Problems with Multiple Jurisdictions
This section outlines some of the familiar problems with regulation sponsored by multiple jurisdictions. The high-tech sector most obviously afflicted by these has been communications, which is regulated at the state and local level as well as the federal level. But there is no reason that any other innovative sector would be immune.
- Cost, in time and money, to businesses that must learn how any plans or developments will mesh with the regulations of 50 different states or 200 different nations.
- Inconsistency of laws.
- Discrimination against "foreign" interests. A corporation based in Florida might not get a fair deal before a commission in Texas, in a conflict with a Texas corporation (this is purely hypothetical--there's no reason to think Texas would be any worse than any place else).
- Irrelevance. Does it make sense to tie those operating in the environment of the Internet, for example, to any particular geographic jurisdiction.
- Enforcement. With more global transactions, how could national laws be enforced as a practical matter?
What makes these problems more severe for high-tech? For many high-tech sectors--genetics, E-commerce, and so on, the problem is more acute simply because almost every single transaction raises the problem of "what the law?" and "which jurisdiction?"
In the communications sector, the problem is even more acute because there is so much regulation. There is everything from mandatory price averaging across regions under universal service, to price caps and other forms of interstate and intrastate price regulation--some "protecting" consumers, some "protecting" smaller carriers and resellers--to wireless service licensing, and state and federal reviews of mergers. And much of this regulation isn't "law" at all, that is, "law" meaning rules set down in writing somewhere, knowable and certain, even if they are different from those in the next state. Much of telecommunications regulation is an endless series of decrees and Benthamite calculations of social utility, and the lobbying that comes with such a level of bureaucratic activism. The bother of dealing with lack of uniformity of law in ordinary commerce is multiplied a thousand-fold in a heavily regulated sector.
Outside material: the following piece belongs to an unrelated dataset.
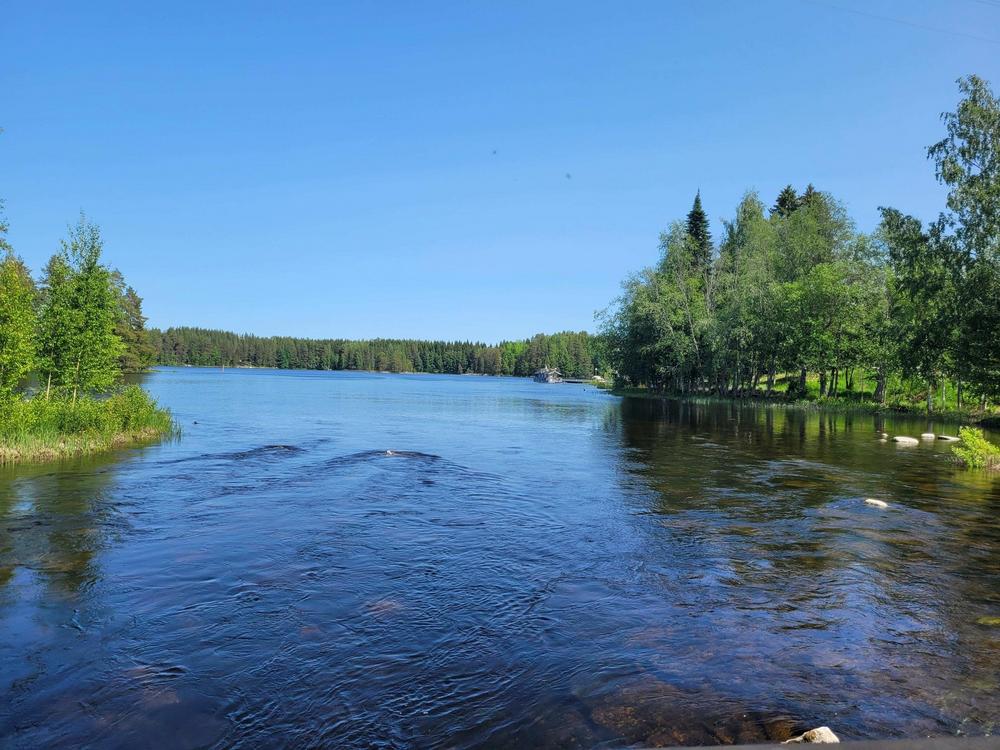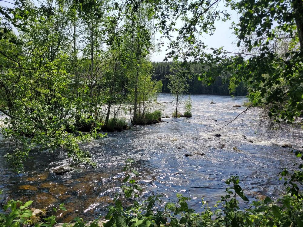 Meitä oli ihan täysi linja-autollinen porukkaa teatteriretkellä Kermankosken lavalla. Päivä oli mitä kaunein kesäpäivä ja puitteet Kermankosken lavalla varsinkin maiseman suhteen olivat aivan upeat.

Current Trends: The Federal Approach.
As noted above, the problem of multiple jurisdictions is perhaps most familiar to us in communications, from networks to copyright law. The solution most familiar to us, therefore, has been the telecommunications approach--to increasingly move regulation to the federal level.
This has worked well in telecommunications--historically. But will it continue to work well? Will it work well for other innovative sectors?
In stepping in over the past several decades the Federal Communications Commission or Congress has preempted state or municipal laws and regulations--until the 1990s, with the positive result of deregulation overall. Because state regulation was preempted but not replaced with federal restrictions, the federal government became something of a hero of deregulation.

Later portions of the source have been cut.